A new technique for low bit rate scalar quantization of image sub-band coefficients

A new method for low bit rate Scalar Quantization of image sub-band coefficients has been identified. This method is based on a phase dispersion technique originally developed for the design of pulse compression radar waveforms. The technique forms the basis for a lossless, invertable transform that converts the coefficients to an intermediate domain. Components in this domain have the property that they are approximately independent and identically distributed. A single quantizer and entropy coder can efficiently be applied to all the components. The increased efficiency and reduced overhead enables the design of an image encoder with increased performance over currently reported methods especially at low bit rates.

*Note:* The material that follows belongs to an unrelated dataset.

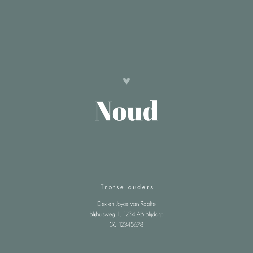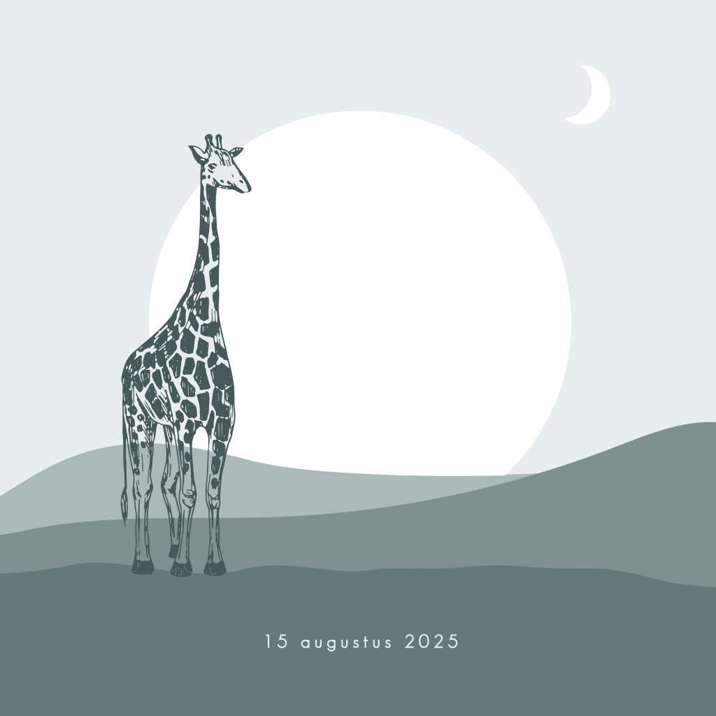 Geboortekaartje in safari stijl voor een jongen, jullie zoon! Op dit babykaartje Noud een giraf in een glooiend landschap. Uniek aan dit kaartje is de uitsnede van de ondergaande zon. De maan en het hartje maken het jongenskaartje helemaal af. Liever een ander tekst, kleur of lettertype? Dit pas je eenvoudig aan in onze editor.

The structure of the transform results in the uniform distribution of quantization noise across the image and the image spectrum. This results in reconstructed images with higher subjective quality and minimized artifacts over other standard techniques.; The project proceeded as follows. First, a closed form model of the phase dispersion technique was developed. The properties of the closed form model were examined. Next, a complete image compression system was designed based on the phase dispersion model. A complete encoder and decoder was designed and simulated using the MATLAB Version 4.2 tool set. Simulation experiments were run to assess the Rate vs. Distortion performance and computational requirements of the encoder and decoder. A standard database of monochrome test images was used. The performance results that were obtained were used for relevant Rate vs. Distortion comparison with the benchmark techniques.; Lastly, the performance of the method in a set of real world communications applications was examined. Experiments were run for three HF Communications systems, an HF Forward Transmission Communications System, an HF ARQ Communications System and an HF Hybrid ARQ/Forward Transmission System.